An Open Letter to College Graduates
Its four days and counting until the final exam of my degree, and in between existential crises, I’ve been thinking about you. Or, more accurately, I’ve been thinking about us.
This year, a generation of mid 90s kids are graduating from college. We are the young people born into a world of plenty, an Ireland unrecognisable from the days of our parent’s childhood and a country that raised us with a gentle whisper of encouragement that promised:
“You can be anything you want to be – just work hard to get it.”
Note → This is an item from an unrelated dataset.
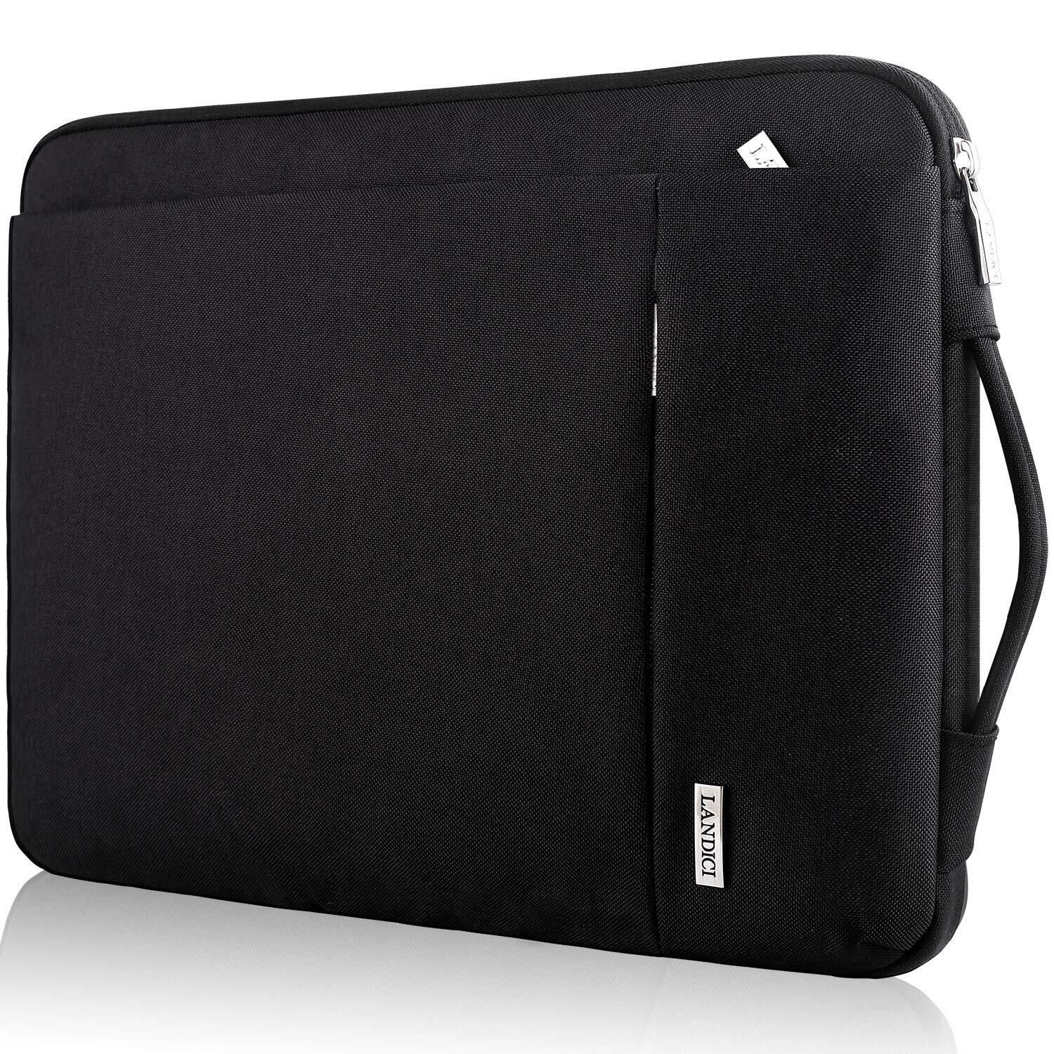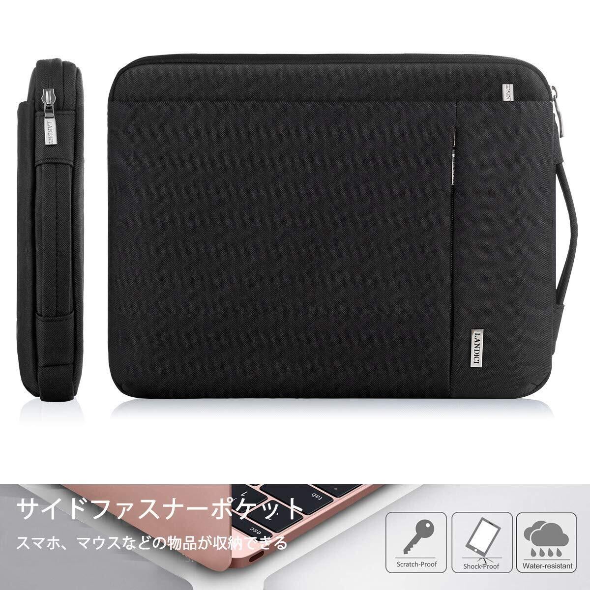 LANDICI 360°保護 パソコンケース 15.6 16インチ pcケース 衝撃吸収 防水 ノートパソコン ケース MacBook Pro M4/M3/M2/M1 Pro/Max 2025-2019、東芝、富士通、Dell、ASUS、Lenovo、HP、Acer、Chromebookに対応 薄型軽量 ノートpcケース 15.6-16.2型pcバッグ 手提付きパソコンカバー,ブラック

But before we could set about making our dreams a reality, recession hit hard and smashed the hopeful expectation of owning homes in our 20s and earning Celtic Tiger wage packets straight out of college into a million pieces. It’s not that we are self-entitled, and it’s not that we expect to be given something we haven’t worked for. The harsh reality is that in 2016, college degrees are in plentiful supply while jobs to match these qualifications just aren’t.
They say that your time at college are some of the best years of your life, and that when you graduate, a world of possibilities awaits. But for the Class of 2016, that world looks a bit, well – impossible. If you’re like me, the last few months have consisted of some of the following:
- Daily internal anxiety attacks (silent, invisible yet deadly) about what career to pursue, where to apply for graduate jobs, where to apply for unpaid internships despite spending the last four years in third level education precisely to AVOID working voluntarily for nothing (*insert quarter life crisis moment here*)
- Hundreds of hours spent applying for said jobs and internships, time which would have been better spent working on college assignments and which would have also avoided the heart breaking, mind numbingly upsetting experience of opening yet another rejection email (“Due to the high volume of applications this year we regret to inform you…….”)
- Long shifts in retail and hospitality jobs to financially sustain the last year of college
- Sleepless nights spent worrying about the future and feverishly Googling employment opportunities abroad as thoughts of emigration swirl around your insomniac mind
Every day, somebody asks: “So what’s your plan after college?” And although I’ve always been incredibly excited to begin the rest of my life, a silent voice inside me answers:
I am afraid of leaving college and having doors slammed in my face.
I am afraid that I have wasted years of my life stressing and studying for a piece of paper that will not help me to fulfil my dreams.
I am afraid that all the expectations my parents had for me as a child will end in quiet disappointment.
I am afraid of not reaching my potential.
I am afraid of failing.
Would it have been better to start work straight out of school? Do I need a Masters after my degree to get a decent job? WHY DID NOBODY TALK TO ME ABOUT THIS SOONER?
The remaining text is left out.